What to do: Below is a listing; retype exactly the lines between the one containing "正值党的二十大召开期间,与会" and the one containing "Defines the weights", inclusive, minus the pictures.

Data for this task:
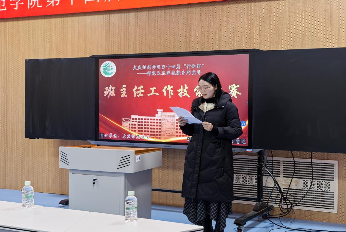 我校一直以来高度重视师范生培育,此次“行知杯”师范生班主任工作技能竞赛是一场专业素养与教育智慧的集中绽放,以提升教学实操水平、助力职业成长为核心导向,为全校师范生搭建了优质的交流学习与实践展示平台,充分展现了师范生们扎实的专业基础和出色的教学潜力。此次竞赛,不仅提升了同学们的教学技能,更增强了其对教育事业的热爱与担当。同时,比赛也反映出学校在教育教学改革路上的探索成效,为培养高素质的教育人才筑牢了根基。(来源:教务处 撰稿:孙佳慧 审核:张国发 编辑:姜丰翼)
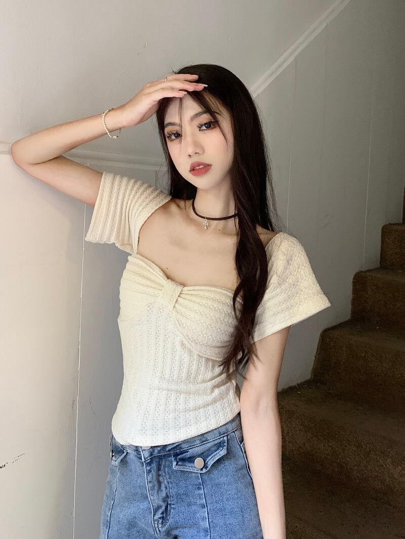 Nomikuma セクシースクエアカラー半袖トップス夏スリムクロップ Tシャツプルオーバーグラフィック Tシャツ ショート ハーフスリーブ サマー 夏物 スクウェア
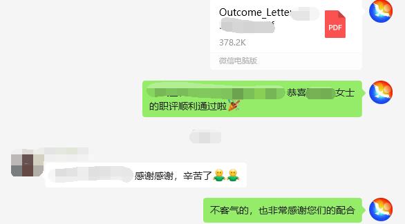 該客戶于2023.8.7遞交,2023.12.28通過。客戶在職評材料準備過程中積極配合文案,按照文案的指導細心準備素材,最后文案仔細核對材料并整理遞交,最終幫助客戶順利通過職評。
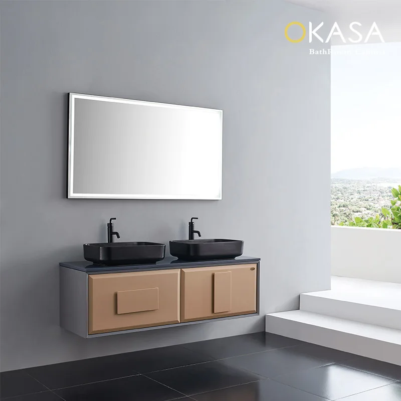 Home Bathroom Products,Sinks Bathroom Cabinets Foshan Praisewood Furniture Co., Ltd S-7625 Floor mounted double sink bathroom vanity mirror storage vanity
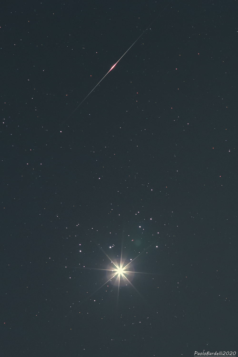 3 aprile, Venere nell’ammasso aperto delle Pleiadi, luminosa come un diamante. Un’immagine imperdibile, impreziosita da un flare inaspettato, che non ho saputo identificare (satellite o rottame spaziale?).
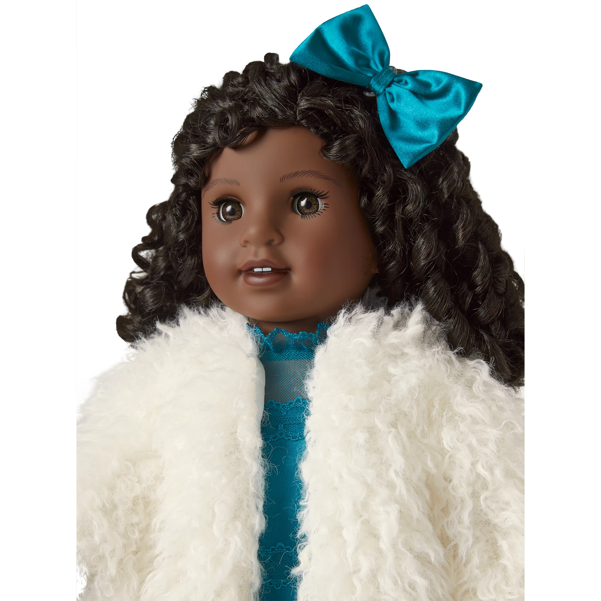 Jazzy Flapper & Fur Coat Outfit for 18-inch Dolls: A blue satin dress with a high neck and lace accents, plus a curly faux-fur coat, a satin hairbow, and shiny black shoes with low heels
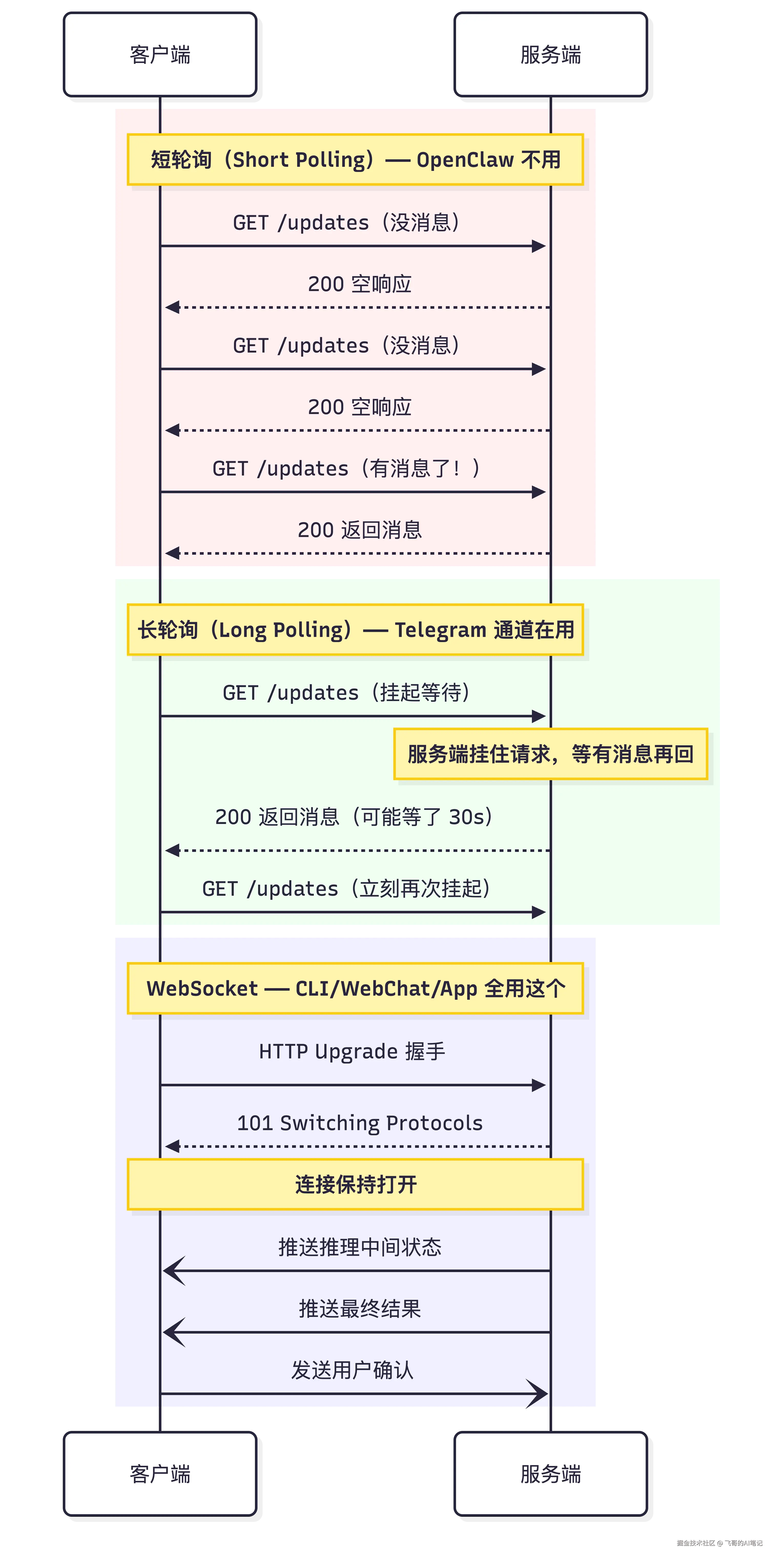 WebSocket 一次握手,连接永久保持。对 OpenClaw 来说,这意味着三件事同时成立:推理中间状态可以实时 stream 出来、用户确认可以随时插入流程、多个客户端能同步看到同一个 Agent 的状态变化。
* * *
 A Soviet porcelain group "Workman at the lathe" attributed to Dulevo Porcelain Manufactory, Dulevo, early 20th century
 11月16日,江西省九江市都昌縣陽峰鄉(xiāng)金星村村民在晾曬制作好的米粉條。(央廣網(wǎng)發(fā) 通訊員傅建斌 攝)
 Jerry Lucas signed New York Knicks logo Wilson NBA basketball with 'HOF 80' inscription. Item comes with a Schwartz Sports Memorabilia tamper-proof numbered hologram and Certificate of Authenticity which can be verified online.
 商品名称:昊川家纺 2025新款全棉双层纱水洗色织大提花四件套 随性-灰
==
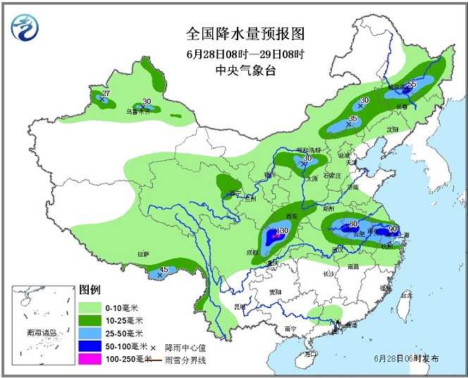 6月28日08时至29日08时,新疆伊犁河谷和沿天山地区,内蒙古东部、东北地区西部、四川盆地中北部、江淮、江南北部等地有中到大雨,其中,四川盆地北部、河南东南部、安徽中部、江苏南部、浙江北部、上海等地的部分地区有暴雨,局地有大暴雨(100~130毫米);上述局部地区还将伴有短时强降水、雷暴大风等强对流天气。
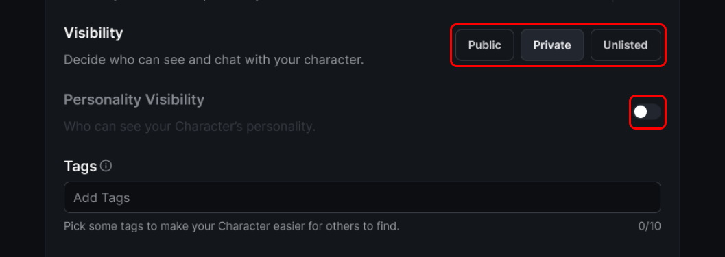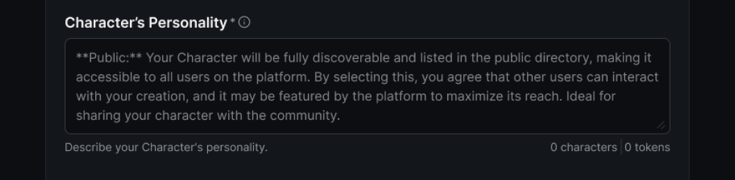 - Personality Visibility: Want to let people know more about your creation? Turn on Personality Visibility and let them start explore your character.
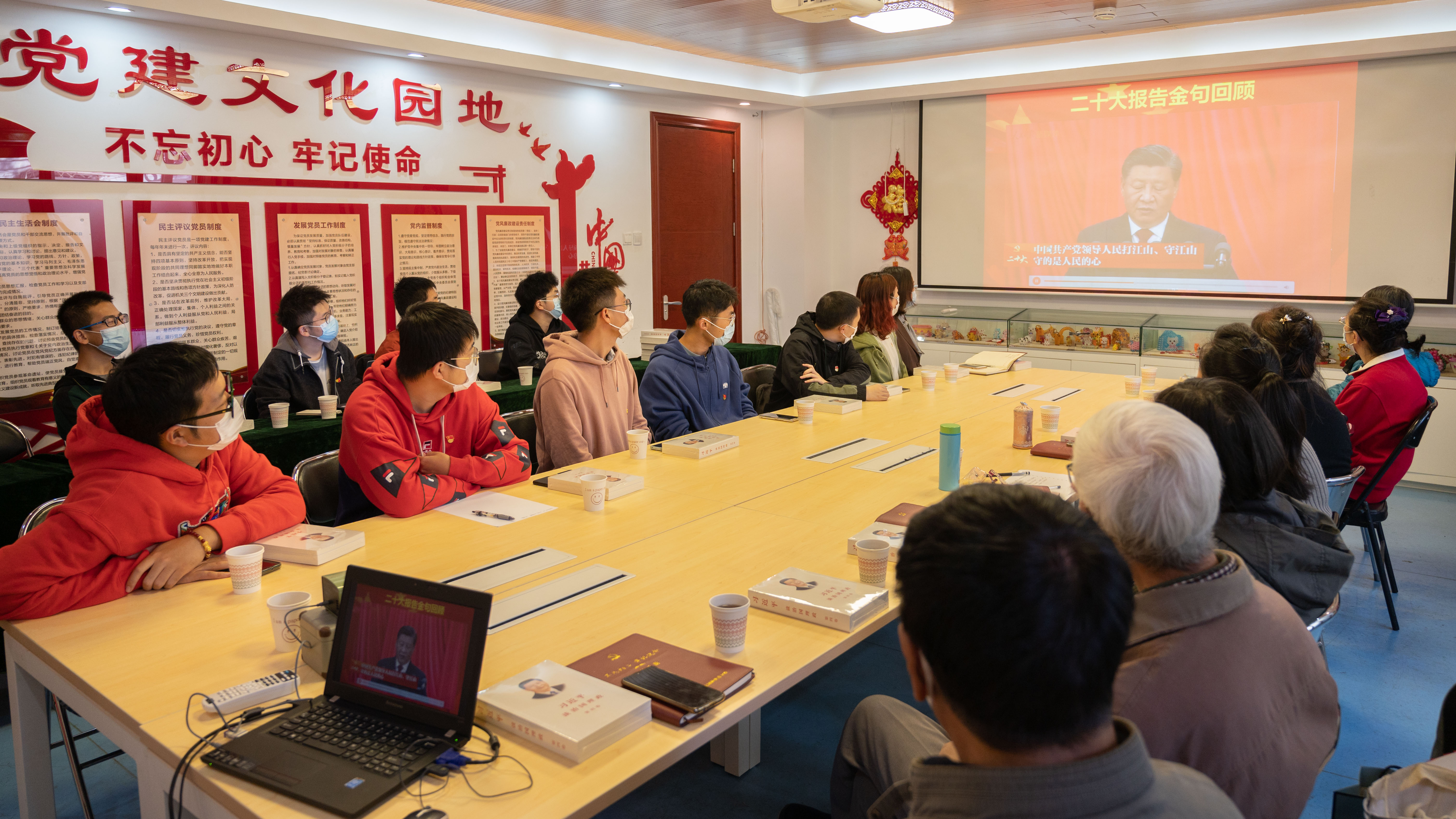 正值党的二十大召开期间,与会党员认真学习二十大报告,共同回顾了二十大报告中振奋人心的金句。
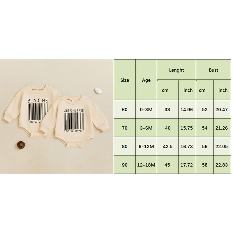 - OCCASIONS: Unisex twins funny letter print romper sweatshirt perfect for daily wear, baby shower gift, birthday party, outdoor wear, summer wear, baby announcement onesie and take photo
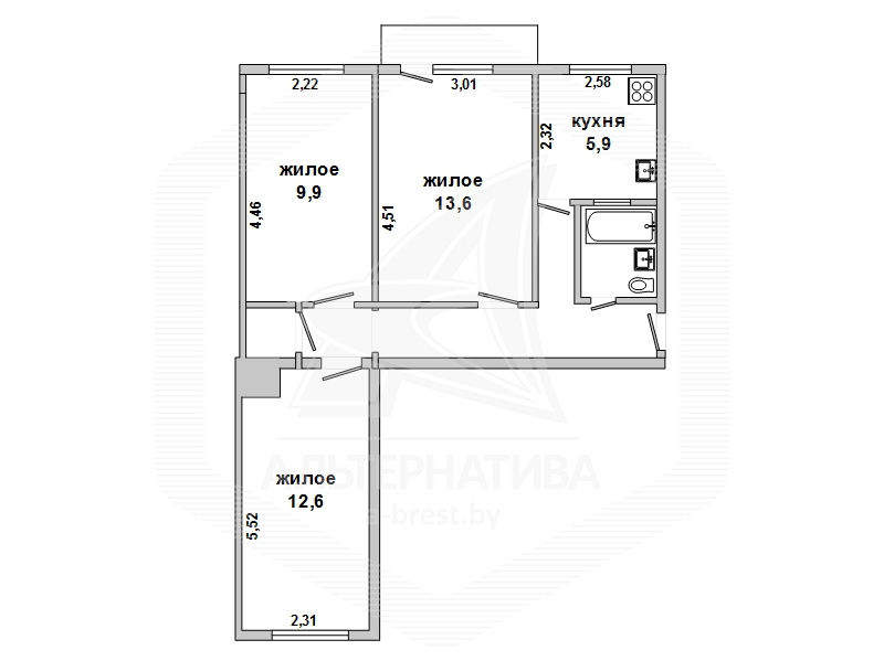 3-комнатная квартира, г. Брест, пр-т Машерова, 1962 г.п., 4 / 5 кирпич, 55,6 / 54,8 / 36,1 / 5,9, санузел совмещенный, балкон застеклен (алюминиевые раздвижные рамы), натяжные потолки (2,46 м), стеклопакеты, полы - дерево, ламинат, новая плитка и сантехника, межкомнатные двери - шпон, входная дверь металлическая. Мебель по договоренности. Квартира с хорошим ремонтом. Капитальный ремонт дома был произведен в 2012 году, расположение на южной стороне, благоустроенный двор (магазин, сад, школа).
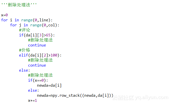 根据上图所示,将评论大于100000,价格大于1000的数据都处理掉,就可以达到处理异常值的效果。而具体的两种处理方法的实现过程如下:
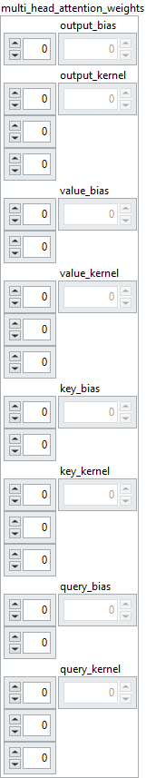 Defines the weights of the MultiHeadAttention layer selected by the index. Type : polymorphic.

Solution for this task:
 正值党的二十大召开期间,与会党员认真学习二十大报告,共同回顾了二十大报告中振奋人心的金句。
 - OCCASIONS: Unisex twins funny letter print romper sweatshirt perfect for daily wear, baby shower gift, birthday party, outdoor wear, summer wear, baby announcement onesie and take photo
 3-комнатная квартира, г. Брест, пр-т Машерова, 1962 г.п., 4 / 5 кирпич, 55,6 / 54,8 / 36,1 / 5,9, санузел совмещенный, балкон застеклен (алюминиевые раздвижные рамы), натяжные потолки (2,46 м), стеклопакеты, полы - дерево, ламинат, новая плитка и сантехника, межкомнатные двери - шпон, входная дверь металлическая. Мебель по договоренности. Квартира с хорошим ремонтом. Капитальный ремонт дома был произведен в 2012 году, расположение на южной стороне, благоустроенный двор (магазин, сад, школа).
 根据上图所示,将评论大于100000,价格大于1000的数据都处理掉,就可以达到处理异常值的效果。而具体的两种处理方法的实现过程如下:
 Defines the weights of the MultiHeadAttention layer selected by the index. Type : polymorphic.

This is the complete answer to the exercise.